What you should do: Below are lines of records; copy exactly those from the one containing "2024春下册六年级数学人教版 第三单元 圆柱与圆锥——整理和复习" through the one containing "graceful design--hand bevelled", leaving the pictures behind.

Data:
******************************
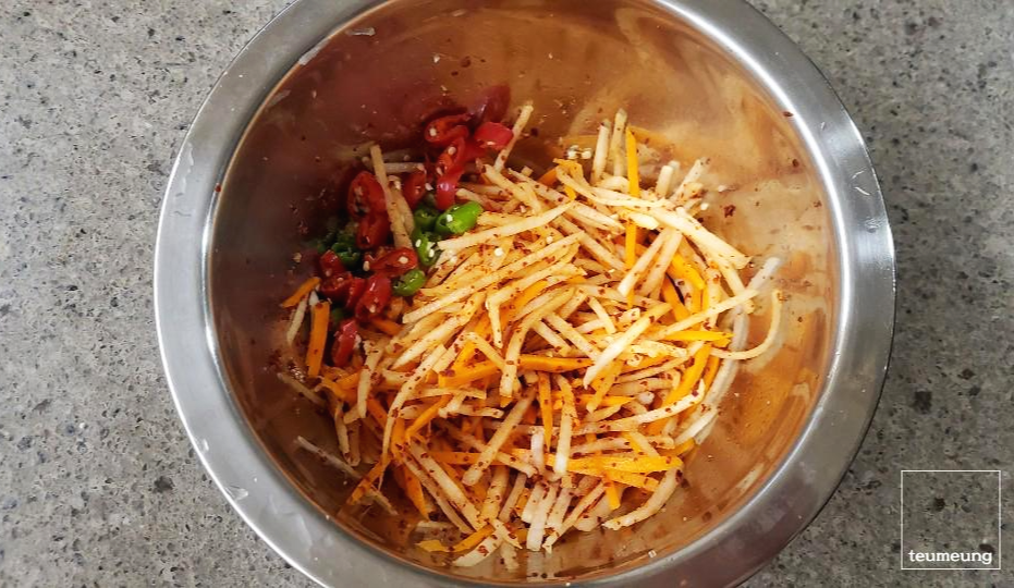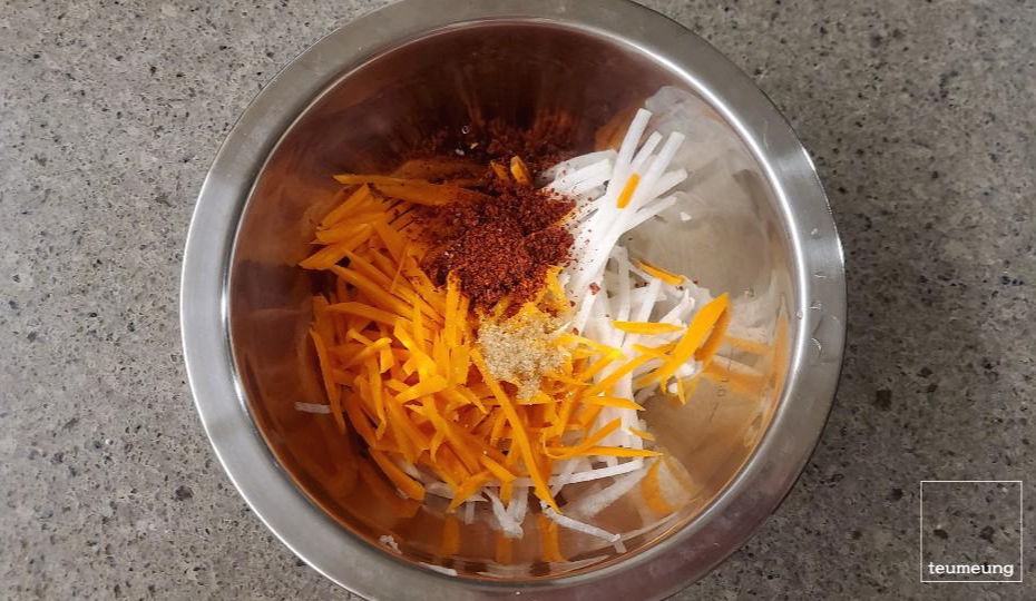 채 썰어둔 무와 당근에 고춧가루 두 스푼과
******************************
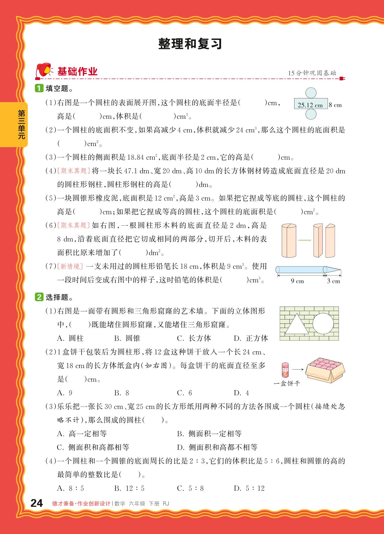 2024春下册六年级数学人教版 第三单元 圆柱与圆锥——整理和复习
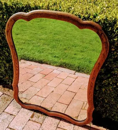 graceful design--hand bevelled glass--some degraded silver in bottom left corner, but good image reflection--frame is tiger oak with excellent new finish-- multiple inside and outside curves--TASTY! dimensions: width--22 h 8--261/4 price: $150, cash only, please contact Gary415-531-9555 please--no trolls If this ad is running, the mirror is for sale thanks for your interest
******************************
Output of the exercise:
 2024春下册六年级数学人教版 第三单元 圆柱与圆锥——整理和复习
 graceful design--hand bevelled glass--some degraded silver in bottom left corner, but good image reflection--frame is tiger oak with excellent new finish-- multiple inside and outside curves--TASTY! dimensions: width--22 h 8--261/4 price: $150, cash only, please contact Gary415-531-9555 please--no trolls If this ad is running, the mirror is for sale thanks for your interest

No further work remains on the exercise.